Smothering your pup with attention and affection when you are home primes your puppy to really miss you when you are gone. A Jekyll-and-Hyde environment (lots of attention when you are there, and none when you are gone) quickly creates a Jeckyll-and-Hyde puppy that is completely confident when you are there, but falls apart and panics when you are gone.
If you allow your puppy to become overdependent upon your presence, he will be anxious in your absence. Canine anxiety is bad news for you and bad news for your pup. When stressed, dogs are more likely to indulge in bad habits, such as housesoiling, chewing, digging, and barking. Being anxious is also decidedly unpleasant for your dog.
During your puppy's first few weeks at home, frequent confinement with stuffed chewtoys is essential for your pup to develop confidence and independence.
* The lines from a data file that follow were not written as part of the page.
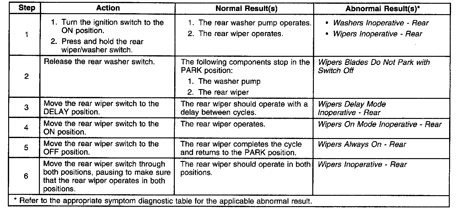 Wiper/Washer Rear System Check: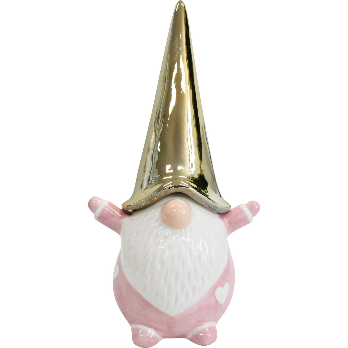The peaked golden hat makes this Santa a tall and hard to miss addition to your décor. About 22 cm in height and with his arms outstretched -he makes his presence felt as much with is unmistakable flowing beard as he does with his delightful pink attire. make it part of your decor-gift it away this holiday season and make the pink Santa quite a symbol of generosity and joy. The ceramic has a fine sheen as does the high shine of the gold of his hat. Will stand on your mantle or your table top inviting most loving looks and spreading his usual message of joy and contentment with its little presence.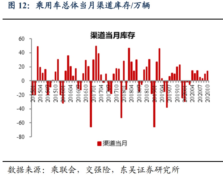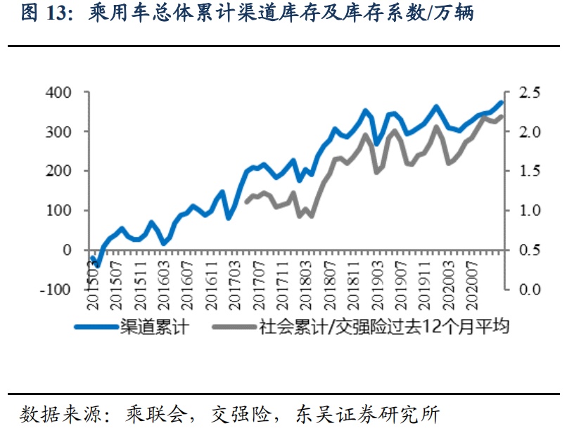 受上游车用芯片供给紧张,短期对下游车企的排产带来一些扰动,但行业总体渠道库存可以形成较好的对冲。根据我们自建渠道库存数据库体系(行业2015年初开始),乘用车行业渠道库存累计373万辆,库存系数2.2个月。企业库存层面根据我们测算,分为两类:1)累计库存较多:上汽大众、上汽自主、吉利汽车、一汽大众、广汽自主、上汽通用。2)累计库存较少:长城汽车、长安汽车、比亚迪,日系车企(丰田/本田/日产),长安福特,豪华车(奔驰+宝马)。

Once your puppy is quite happy busying himself with his chewtoys whenever left alone, you may safely allow your now well-behaved and confident pup to enjoy as much time with you as he likes, without the fear that he will become anxious in your absence.
Is It Really Separation Anxiety?
Most doggy "disobedience" and wanton house destruction occurring in the owner's absence has nothing to do with separation anxiety. In fact, separation relief might be a more precise and descriptive term. The dog chews, digs, barks, and soils the house only when the owner is absent because he has learned it would be foolhardy to indulge in these pastimes when the owner is present. Owner-absent misbehavior is an indication that the owner has tried to suppress normal and natural dog behaviors with punishment, rather than teaching the dog how to behave — namely, how to express his basic doggy desires in an acceptable fashion. Often the term “separation anxiety” is an excuse for a dog who is simply not yet housetrained or chewtoy-trained.